All five ships were mobilized as part of the 5th Battle Squadron at Britain's entry into the First World War in August 1914. They were initially based in the English Channel, and they helped to escort the British Expeditionary Force across the Channel in August. Venerable was sent to bombard German positions along the coast of Flanders in October, while Queen was temporarily detached to guard against a rumoured German cruiser attack. On 26 November, Bulwark was accidentally destroyed by an internal explosion, probably the result of improper ammunition handling procedures. The four surviving members of the class remained in the Channel, not seeing further action until early 1915, when in early March, Venerable was recalled to the coast of Flanders to shell German positions, which she did through May that year. At the same time, London, Queen, and Prince of Wales were ordered to the Dardanelles, where they were to join the Gallipoli Campaign against the Ottoman Empire.
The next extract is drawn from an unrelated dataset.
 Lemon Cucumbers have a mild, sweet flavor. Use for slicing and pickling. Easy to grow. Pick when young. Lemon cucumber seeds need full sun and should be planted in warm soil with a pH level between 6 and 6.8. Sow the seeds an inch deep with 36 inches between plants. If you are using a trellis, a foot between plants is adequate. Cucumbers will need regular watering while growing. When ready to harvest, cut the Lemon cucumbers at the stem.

The three battleships joined the British and French fleet for the landings at Cape Helles and at Anzac Cove, conducted on 25 April. The three ships supported the landing of the 3rd Australian Brigade at Anzac Cove. Over the course of the landing, London, Queen, and Prince of Wales provided covering fire as the ANZAC troops advanced inland and helped to suppress Ottoman artillery. In May, the three ships were reassigned to the 2nd Detached Squadron, which was tasked with supporting the Italian Regia Marina (Royal Navy) in the Adriatic Sea, where it contained the Austro-Hungarian Navy. Admiral Paolo Thaon di Revel, the Italian naval chief of staff, believed that the threat from Austro-Hungarian submarines and naval mines in the narrow waters of the Adriatic was too serious for him to use the fleet in an active way. He therefore kept his most modern battleships, plus the British ones, at Taranto to blockade the Austro-Hungarians. Also in May, Venerable was transferred from the Channel to the Dardanelles; she supported Allied forces ashore in August, before being refit in October and transferred to the 2nd Detached Squadron in December.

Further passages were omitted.